Лучше было бы тебе сказать: “Нет слов, нет названия тому, что составляет муку и сладость моей души, а также мой внутренний голод”.
Пусть твоя добродетель будет слишком высока, чтоб доверить ее имени: и если ты должен говорить о ней, то не стыдись говорить о ней шепотом.
Говори шепотом: “Это мое добро, каким я люблю его, каким оно всецело мне нравится, и лишь таким я хочу его.
Не потому я хочу его, чтобы было оно божественным законом, и не потому я хочу его, чтобы было оно человеческим установлением и человеческой необходимостью: оно не служит мне указателем на небо или в рай.

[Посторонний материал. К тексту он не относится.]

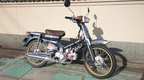 他人とは違うバイクで???2018-11-02 at 20:02PMバイク納車へ行った合間、道路をウロウロしていたワンちゃんが。 車道に飛び出し、車に轢かれそうになっている姿を見て「こりゃぁいかん」と保護。 首輪をしていないけども、室内犬だから付けていないだけかも。 取り敢えず交番へ行き、拾得物件預かり書に記入。 ワンちゃんは、警察署や保健所に・・・では無く、取り敢えず私が預かる事に。 店に戻って暫くして、県警より電話で「飼い主さんが来ましたので、そちらの住所と連絡先を教えております」と。 後に、飼い主さんが居らしてワンちゃんも尻尾フリフリ。 御礼なんて良いのに、わざわざ有難う御座いました。 いやはや良かった良かった そして、見た目はカブ90の50カスタム。 前後タイヤやプラグにオイル他、ハンドルグリップやステップゴムラバーにミラー等を新品交換メンテナンスするついでに、ペイントして御洒落になりました♪ 撮影時は「納車前試乗中」で、リアキャリア&白いレッグシールドは外しています。 御購入いただいた九州大学生「個性的で良いですね サイドカバーはカーボン風にして、昭和レトロチックな看板ステッカーを。 セル付き4MTカブ 実は、シートは張替えのみでは無く、シートベースをカットしてフラットな形状に 強固な塗料にてホイール塗装、美しい。 カブ90の頑丈フレーム&外装一式でも、ちゃんと50登録が可能。 バイクで通学される方は沢山居ますが、他人とは違う個性的な車両で差を付けるのもアリ。

Только земную добродетель люблю я: в ней мало мудрости и всего меньше разума всех людей.
Но эта птица свила у меня гнездо себе, поэтому я люблю и прижимаю ее к сердцу – теперь на золотых яйцах она сидит у меня”.
Так должен ты говорить шепотом и хвалить свою добродетель.
Некогда были у тебя страсти, и ты называл их злыми. А теперь у тебя только твои добродетели: они выросли из твоих страстей.
Ты положил свою высшую цель в эти страсти: и вот они стали твоей добродетелью и твоей радостью.
И если б ты был из рода вспыльчивых, или из рода сластолюбцев, или изуверов, или людей мстительных:
Все-таки в конце концов все твои страсти обратились бы в добродетели и все твои демоны – в ангелов.
Некогда были дикие псы в твоих недрах, но в конце концов обратились они в птиц и прелестных певуний.
Из своих ядов приготовил ты себе бальзам свой; ты доил корову – скорбь свою, – теперь ты пьешь сладкое молоко ее вымени.
И впредь ничего злого не вырастает из тебя, кроме зла, которое вырастает из борьбы твоих добродетелей.
Брат мой, если ты счастлив, то у тебя одна добродетель, и не более: тогда легче проходишь ты по мосту.
Почтенно иметь много добродетелей, но это тяжелый рок, и многие шли в пустыню и убивали себя, ибо они уставали быть битвой и полем сражения добродетелей.
Брат мой, зло ли война и битвы? Однако это зло необходимо, необходимы и зависть, и недоверие, и клевета между твоими добродетелями.